Tapi masih bisa terjadi pembalikan simbolik atau anomali, bahwa tidak semua raksasa itu jahat. Tidak semua kesatria berkumpul di kubu politik Pandawa yang berhak atas kekuasaan. Ada banyak kesatria pula di kubu Kurawa. Kadang-kadang banyak absurditas yang kita temui dalam kisah-kisah kepolitikan kita seperti juga dalam komik-komik. Tapi, era kejayaan komik- komik Kosasih dan generasi sesudahnya tampaknya sudah sangat berlalu.

Bahasa gambar yang mendominasi kebudayaan populer kita sekarang ialah sinetron-sinetron alias opera-opera sabun yang lebih komikal dan berpanjangpanjang. Absurditas-absurditas dalam opera sabun kemudian diringkas dalam rumus yang oleh sementara kalangan manjur diterapkan dalam alam demokrasi elektoral, yakni semakin terkesan terzalimi semakin populer dan elektabel.
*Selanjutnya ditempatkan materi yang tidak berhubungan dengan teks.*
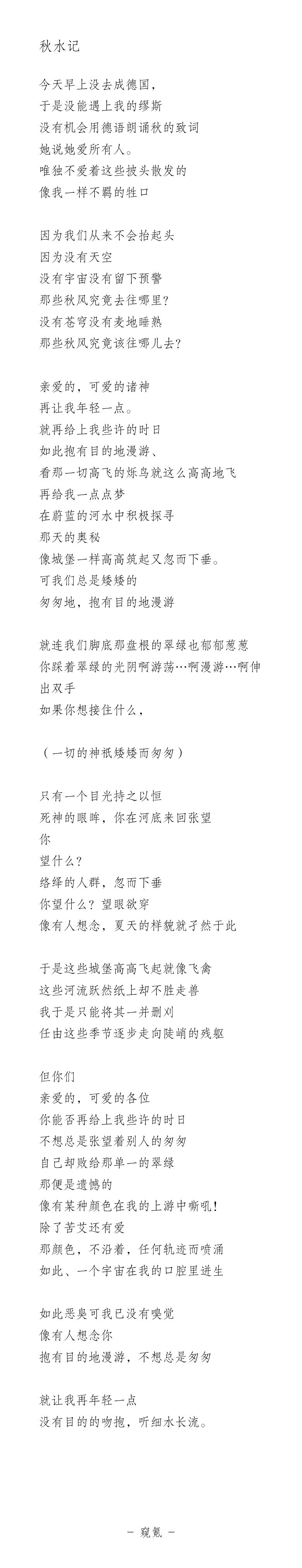 《秋水记》窥氪chiuenhong·8 小时前(修改过)·IPFS十五岁写的烂诗 诗歌CC BY-NC-ND 4.0 授权建议频道选择希望推荐到的频道(单选)生活事书音影旅・居性别/爱创作・小说时事・趋势身心灵没有适合的频道不参与频道推荐 (文章将出现在「还有」中)下一步喜欢我的作品吗?别忘了给予支持与赞赏,让我知道在创作的路上有你陪伴,一起延续这份热忱!支持作者支持作者2窥氪chiuenhong18岁,马来西亚青年诗人,作品发表于星洲日报、南洋商报,以及新加坡雨林诗刊。 来自作者相关推荐《哦,海鸥!》《惴叶》《丢手绢》22

Bahasa gambar akhirnya sekadar mentok pada sihir-sihir hipnosis tanpa membuka peluang yang lapang bagi publik untuk berpikir kritis. Bahasa gambar itu mempertontonkan adegan-adegan absurd yang menyingkirkan kualifikasi dan proses. Rumah yang mentereng, mobil yang bagus-bagus, konflik kaum elite yang tak menjangkau urusan nyata masyarakat, jalan pintas pemecahan masalah, tampilan-tampilan hedonis dan boros, kata-kata yang menggampangkan dan penuh dendam merupakan catatan-catatan kecil kita ketika menonton opera-opera sabun yang berbuih-buih itu.
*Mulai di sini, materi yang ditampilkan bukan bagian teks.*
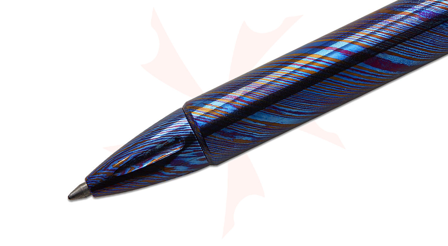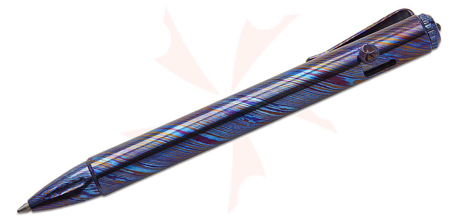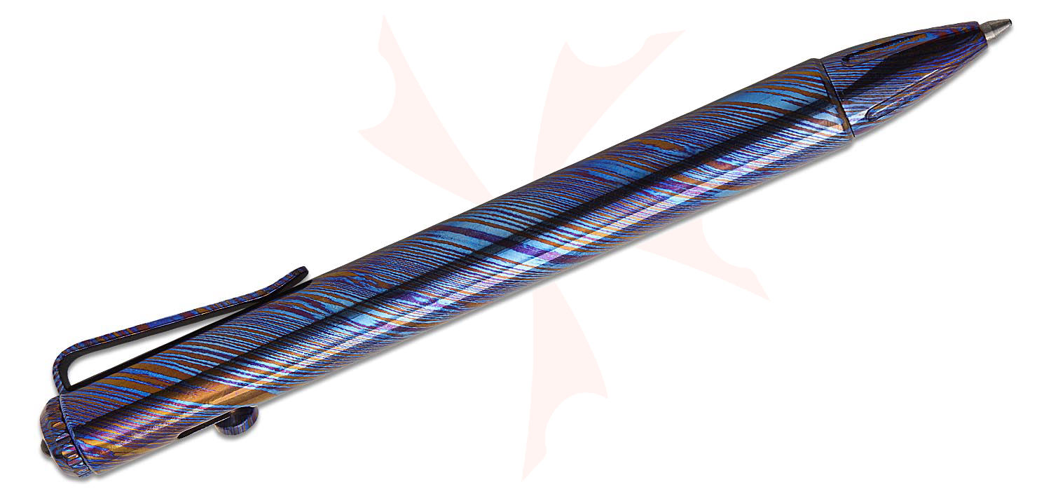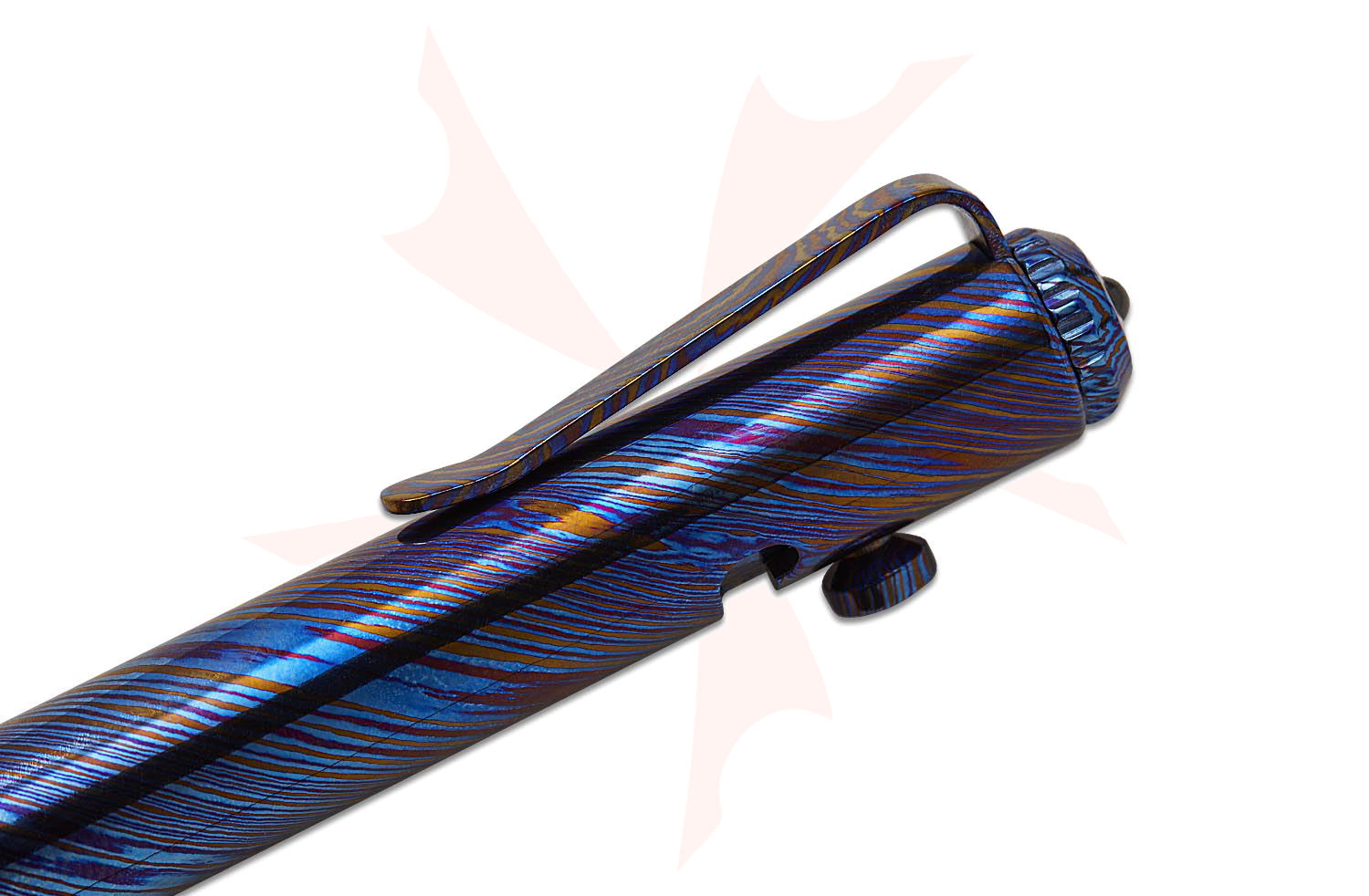 Kunwu Knives Full Timascus Bolt Action Pen, 5.11" Overall, Glassbreaker - KWPEN-1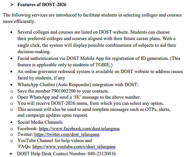 In case of any issues, candidates can reach out to the DOST Help Desk Phone number at 040-23120416 between 8:00 A.M and 7:00 P.M. on working days.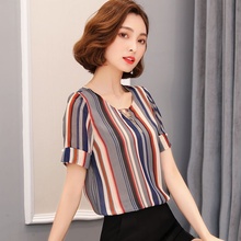 条纹衬衫女2017夏装新款韩版V领雪纺衫上衣T恤夏季韩范短袖衬衣潮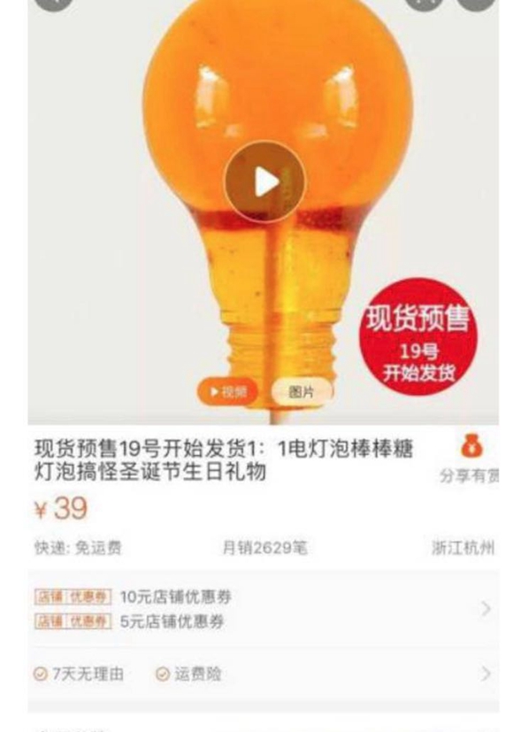 记者仔细浏览多个商家的页面信息后发现,不少卖家都打上"1:1定制"的字样,即和正常电灯泡大小基本一致:灯泡糖直径约6厘米,长度约10厘米。此外,商家的广告还显示,灯泡糖是纯手工熬制,在预售中,为了促销,部分商家甚至打出“工厂大量生产,尽情下单”来吸引消费者。

Demokrasi komikal kita penuh cerita, tetapi sayangnya segera berujung pada hipnosis, bukan kekritisan justru karena ia diasingkan. Bagaimana mungkin kita bisa menikmati opera sabun dengan kritis manakala ia sengaja tidak memberikan tempat pada kritisisme? Di alam nyata, demokrasi komikal kita banyak yang mengejawantah dalam ekspresi-ekspresi menyanjung para patron masing-masing alias asal bapak senang (ABS).

Atau wujud-wujud turunan yang sekadar menyenangkan mitra kerja calon pejabat, apakah capres, calon kepala daerah ataukah caleg, melalui laporan- laporan riset yang menghipnosis. Kalau semua saling menghipnosis dengan menyingkirkan stimulus-stimulus bagi hadirnya refleksi-refleksi kritis, maka barangkali benar kata Umberto Eco di atas, peradaban demokrasi kita akan kolaps.

Yang menyelamatkan peradaban demokrasi kita kalau begitu rasionalitas sebagai dasar dari hadirnya sikapsikap kritis. Selama bahasa-bahasa gambar itu tidak menjadi reflektor, melainkan menghipnosis, demokrasi hanya akan menjadi embel-embel bagi hadirnya tokoh yang tidak otentik, tokoh seolah-olah.  Wallahu a’lam.